Время, вперёд! Удивительно, что этот мир в конце концов всплывает в прозе братьев Стругацких. Они, безусловно, ощущали время, историческое время – силой, враждебной человеку и человеческому. Они, безусловно, пытались переломить эту враждебность. Отсюда их общий, едва ли не восторженный интерес к удивительной теории удивительного астронома Николая Козырева. Астроном Борис Стругацкий познакомил с этой теорией япониста Аркадия Стругацкого и нашел понимающий сочувственный отклик: «Н. А. Козырев был тогда фигурой в советской астрономии значительной, яркой и даже таинственной. Он был другом и научным соперником Амбарцумяна и Чандрасекара. Он отсидел десять лет в сталинских лагерях. Он создал теорию, доказывающую существование нетермоядерных источников излучения звезд. Он рассчитал новейшую и для своего времени совершенно парадоксальную модель атмосферы Венеры… А в 1957-м он объявил: “…Принципиально возможен двигатель, использующий ход времени для получения работы. Иными словами, время обладает энергией”».

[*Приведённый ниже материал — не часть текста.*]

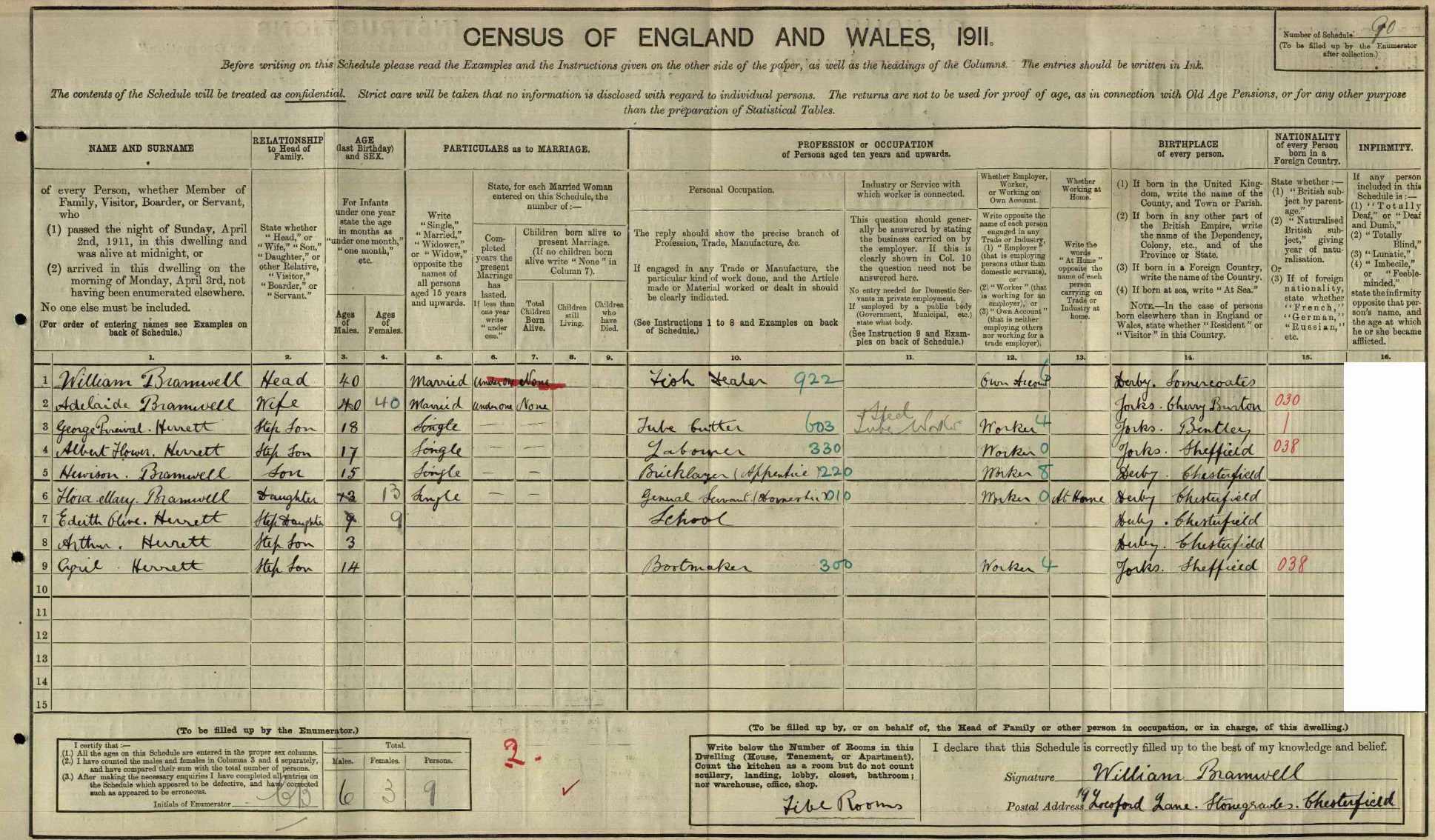 Bramwell 1911 CensusIn the 1911 Census William was living with his family at 19 Lockoford Lane in Stonegravels with his new wife Adelaide and their respective families.
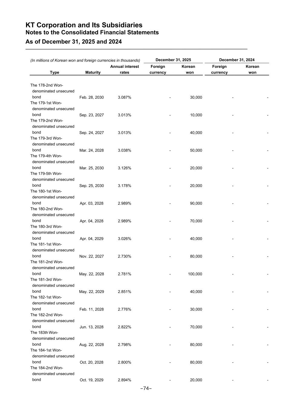 KT Corporation and Its Subsidiaries Notes to the Consolidated Financial Statements As of December 31, 2025 and 2024 (In millions of Korean won and foreign currencies in thousands) December 31, 2025 December 31, 2024 Type Maturity Annual interest rates Foreign currency Korean won Foreign currency Korean won The 178-2nd Won- denominated unsecured bond Feb. 28, 2030 3.087% - 30,000 - - The 179-1st Won- denominated unsecured bond Sep. 23, 2027 3.013% - 10,000 - - The 179-2nd Won- denominated unsecured bond Sep. 24, 2027 3.013% - 40,000 - - The 179-3rd Won- denominated unsecured bond Mar. 24, 2028 3.038% - 50,000 - - The 179-4th Won- denominated unsecured bond Mar. 25, 2030 3.126% - 20,000 - - The 179-5th Won- denominated unsecured bond Sep. 25, 2030 3.178% - 20,000 - - The 180-1st Won- denominated unsecured bond Apr. 03, 2028 2.989% - 90,000 - - The 180-2nd Won- denominated unsecured bond Apr. 04, 2028 2.989% - 70,000 - - The 180-3rd Won- denominated unsecured bond Apr. 04, 2029 3.026% - 40,000 - - The 181-1st Won- denominated unsecured bond Nov. 22, 2027 2.730% - 80,000 - - The 181-2nd Won- denominated unsecured bond May. 22, 2028 2.781% - 100,000 - - The 181-3rd Won- denominated unsecured bond May. 22, 2029 2.851% - 40,000 - - The 182-1st Won- denominated unsecured bond Feb. 11, 2028 2.776% - 30,000 - - The 182-2nd Won- denominated unsecured bond Jun. 13, 2028 2.822% - 70,000 - - The 183th Won- denominated unsecured bond Aug. 22, 2028 2.798% - 80,000 - - The 184-1st Won- denominated unsecured bond Oct. 20, 2028 2.800% - 80,000 - - The 184-2nd Won- denominated unsecured bond Oct. 19, 2029 2.894% - 20,000 - - -74-
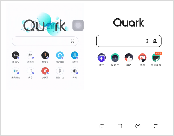 现在的夸克,基本界面还是维持了去年版本的简洁,设计也有所优化,但默认状态下,搜索栏底下的图标显示的分别是:捷径、Ai应用、精选、 学习及夸克高考。
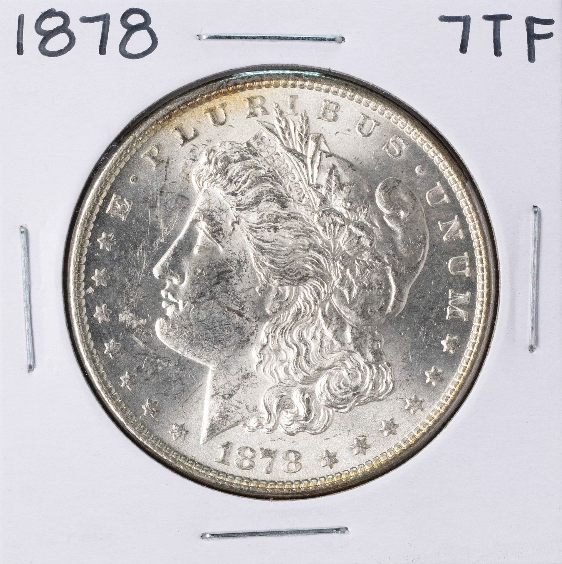 One 1878 7TF $1 Morgan Silver Dollar Coin.

Не в том дело, что, как пишет далее Борис Стругацкий: «ВСЕ опыты Козырева были опровергнуты, так что и по сей день его теория остается лишь красивой, но сомнительной гипотезой», а в том дело, что благодаря этой красивой, но сомнительной гипотезе Стругацкие обрели одну из своих сюжетообразующих идей, упавших на хорошо подготовленную почву.
Отец. Борис Стругацкий, как он сам себя характеризует, был (и остается) «сознательным и упорным противником всевозможных писательских биографий, исповедей, письменных признаний и прочих саморазоблачений». Он сторонник тезиса формалистов: «Жизнь писателя – это его книги <…> все же прочее – от лукавого и никого не должно касаться, как никого, кроме близких, не касается жизнь любого, наугад взятого частного лица». Он повторяет эту же мысль, высказанную в начале книги, в «Постскриптуме», составленном из вопросов Ильи Стогова и его ответов. Повторяет жестче и раздраженнее: «Давайте не будем говорить о личной жизни. Ей-богу, это никому не должно быть интересно. Жизнь писателя – его книги»…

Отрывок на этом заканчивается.